RefineRAG: Word-Level Poisoning Attacks via Retriever-Guided Text Refinement

Retrieval-Augmented Generation (RAG) significantly enhances Large Language Models (LLMs), but simultaneously exposes a critical vulnerability to knowledge poisoning attacks. Existing attack methods like PoisonedRAG remain detectable due to coarse-grained separate-and-concatenate strategies. To bridge this gap, we propose RefineRAG, a novel framework that treats poisoning as a holistic word-level refinement problem. It operates in two stages: Macro Generation produces toxic seeds guaranteed to induce target answers, while Micro Refinement employs a retriever-in-the-loop optimization to maximize retrieval priority without compromising naturalness. Evaluations on NQ and MSMARCO demonstrate that RefineRAG achieves state-of-the-art effectiveness, securing a 90% Attack Success Rate on NQ, while registering the lowest grammar errors and repetition rates among all baselines. Crucially, our proxy-optimized attacks successfully transfer to black-box victim systems, highlighting a severe practical threat.

Key Contributions

Two-stage word-level refinement framework for RAG poisoning: Macro Generation creates toxic seed texts, Micro Refinement uses retriever-in-the-loop optimization
Achieves 90% attack success rate on NQ while maintaining naturalness (lowest grammar errors and repetition rates)
Demonstrates transferability from white-box proxy optimization to black-box victim RAG systems

🛡️ Threat Analysis

Prompt Injection

The poisoned documents manipulate LLM behavior to generate misinformation when retrieved as context.
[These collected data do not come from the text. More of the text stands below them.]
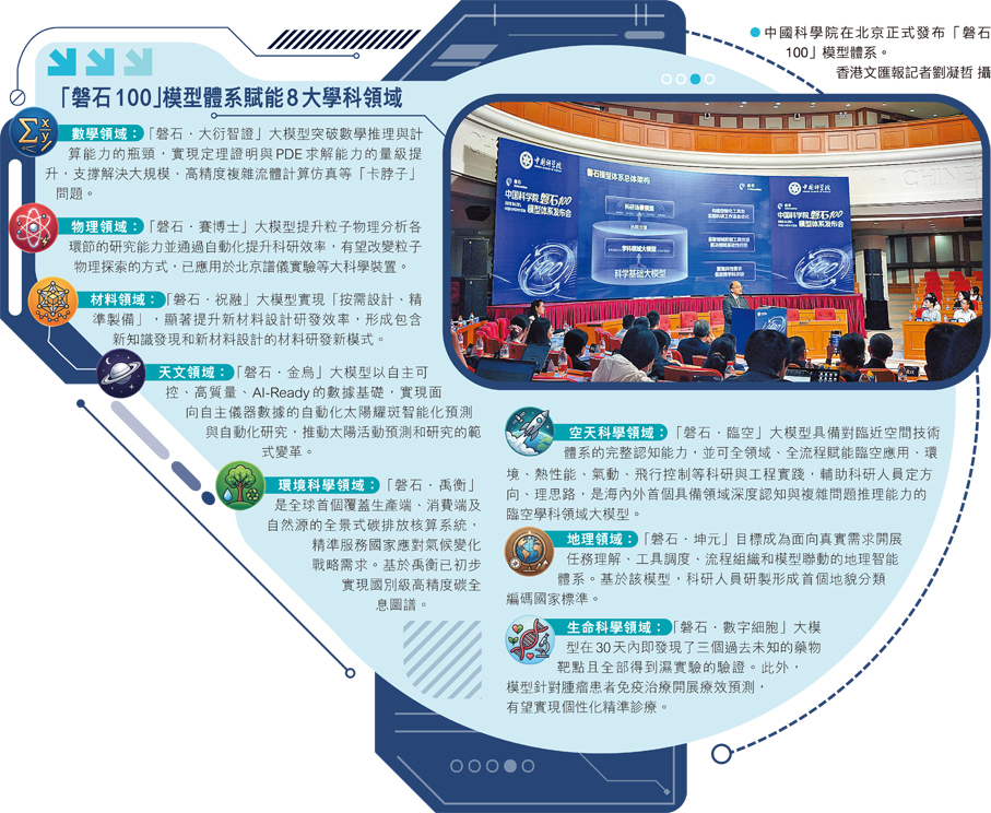 中國科學院「磐石100」模型體系28日正式發布,該模型體系支持八個學科領域大模型應用(見表)。其中「磐石·臨空」大模型由中國科學院空天信息創新研究院、自動化研究所聯合研製,是國內首個面向臨近空間(距地面20至100公里)領域知識重構與智能突破的學科知識大模型,成為控制高空氣球、太陽能無人機、高超音速飛行器等的系統平台。標誌着中國在臨近空間數智科研與工程應用領域取得重要技術突破,在臨近空間領域「人工智能+科學」「人工智能+工程」融合發展方面邁出重要一步。●香港文匯報記者 劉凝哲 北京報道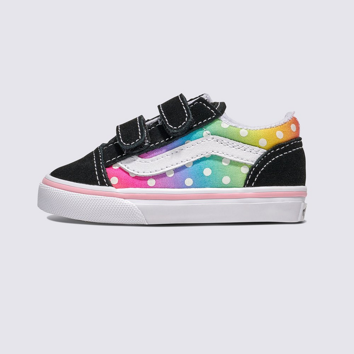 O tênis Old Skool V Polka Dots para criança traz o icônico Sidestripe™ e o estilo atemporal da Vans aos pezinhos. Projetado com durabilidade e conforto em mente, possui fechos de velcro para fácil colocação e retirada, tornando-o perfeito para crianças prontas para explorar. Um verdadeiro clássico, reinventado para a próxima geração.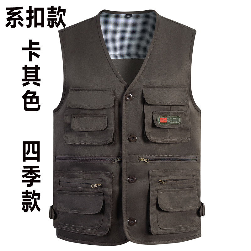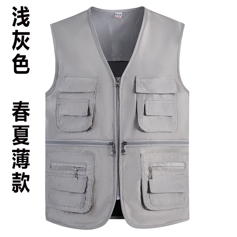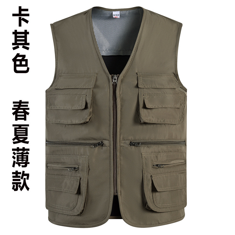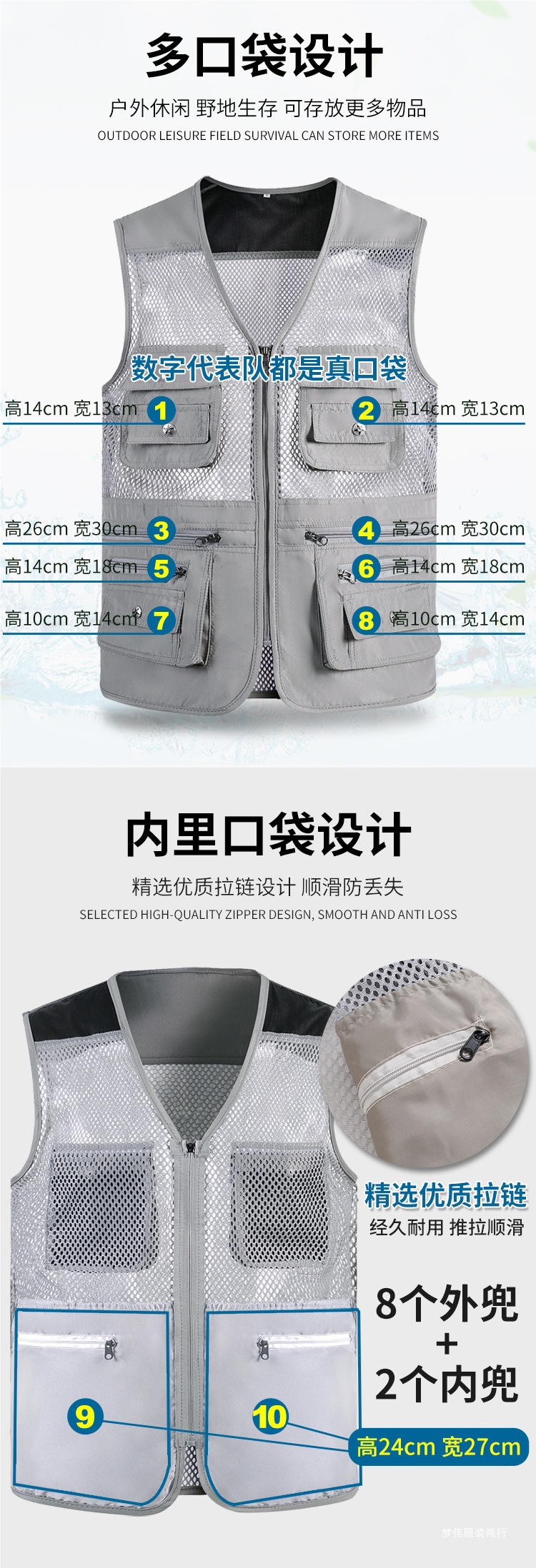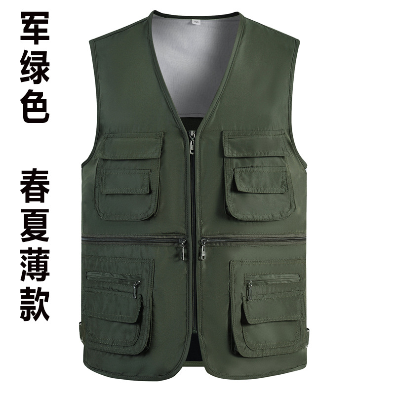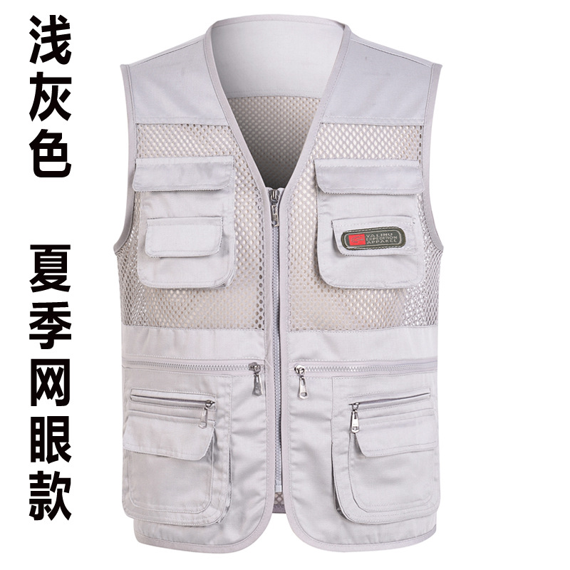 여름 얇은 메쉬 조끼 등산 빠른 건조 캐주얼 멀티 포켓 중년 남성 사진 낚시 V 넥 플러스 사이즈스토어 가기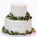Нежный свадебный торт в стиле французского Прованса. Два круглых яруса покрыты мягким кремом с тонкими вертикальными полосками. Основной белый цвет гармонично сочетается с пастельными оттенками розового и лавандового. Украшен живыми веточками лаванды и мелкими цветами, которые создают романтичное и воздушное настроение. Лёгкая небрежность в оформлении добавляет шарма и тепла, напоминая о солнечных полях южной Франции.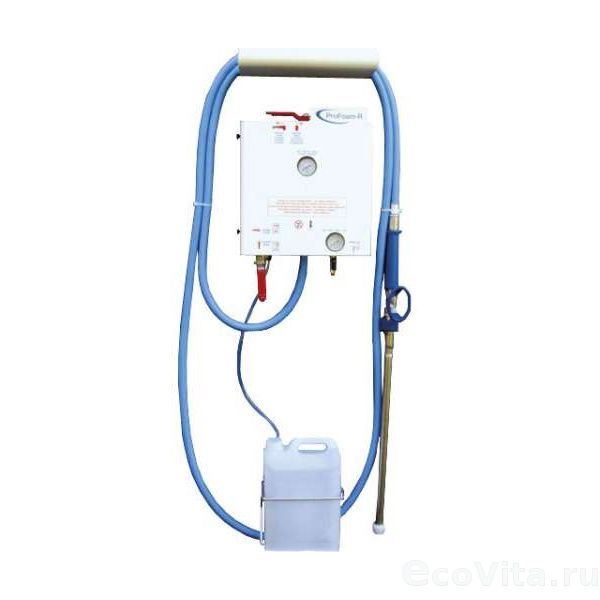 ProFoam-R в дополнение к функциям ProFoam включает функцию ополаскивания. Система подключается непосредственно к контурам воды и сжатого воздуха с низким давлением. Также может быть смонтирована на тележке и с компрессором, в качестве опции. В комплект включены манометры для измерения давления воды и воздуха.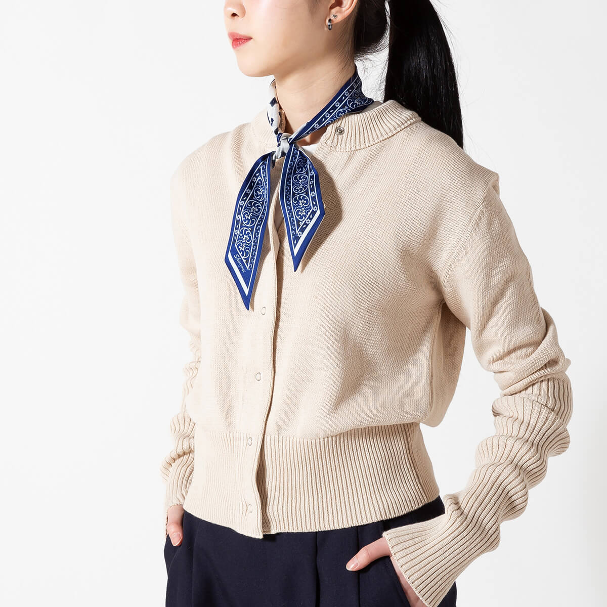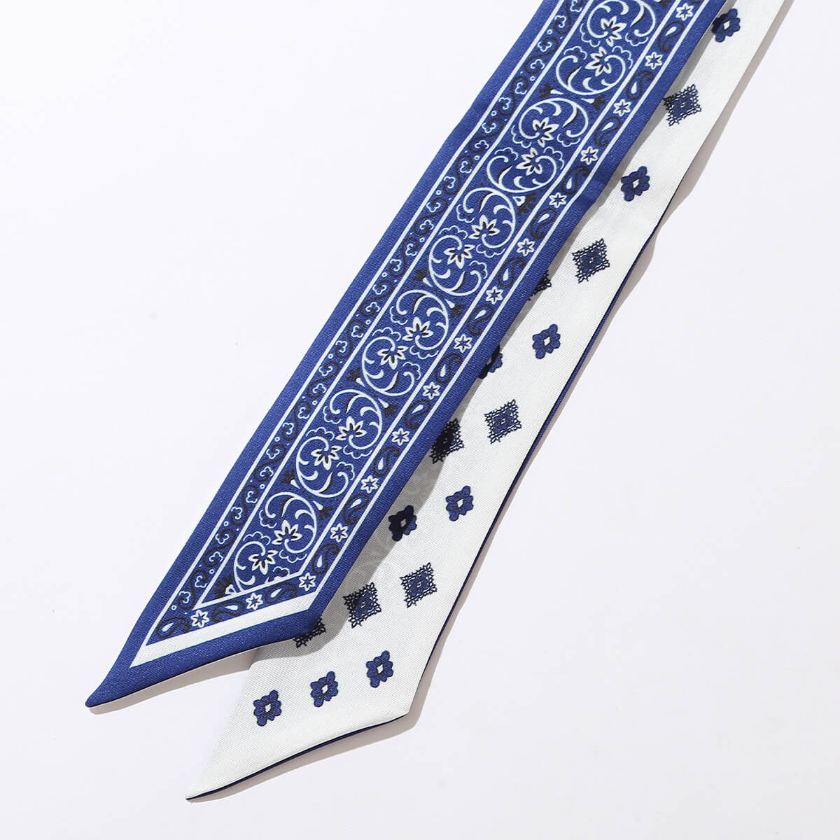 バンダナ柄とカーペット柄による両面プリント。ありそうでなかったバンダナスカーフです。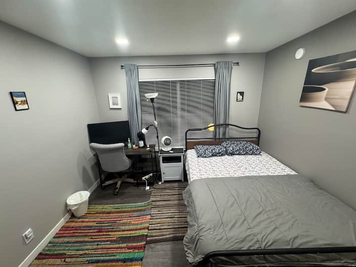 Una habitación solo para ti en un alojamiento, con acceso a áreas compartidas.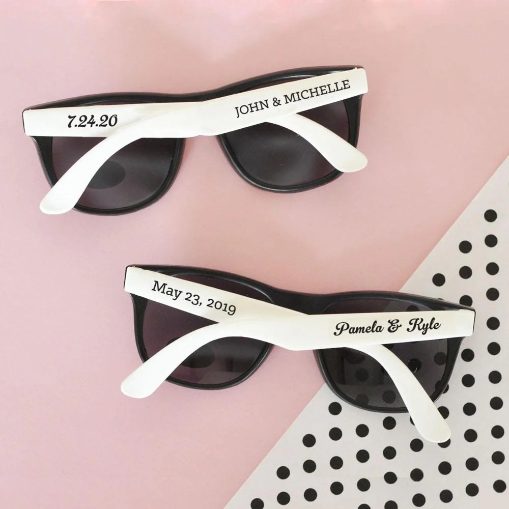 If the couple has a specific wedding theme or even a logo (for example, if they have a wedding hashtag), custom sunglasses can be branded to match. It’s a great way to tie everything together visually.

While the attack vector is data poisoning, the goal is to hijack LLM generation through crafted context, which is a form of indirect prompt injection via the RAG pipeline.

Data Poisoning Attack

The paper attacks RAG systems by poisoning the external knowledge corpus (training/retrieval data) with adversarial documents designed to be retrieved and cause the LLM to generate incorrect answers. This is data poisoning targeting the retrieval component of the RAG pipeline.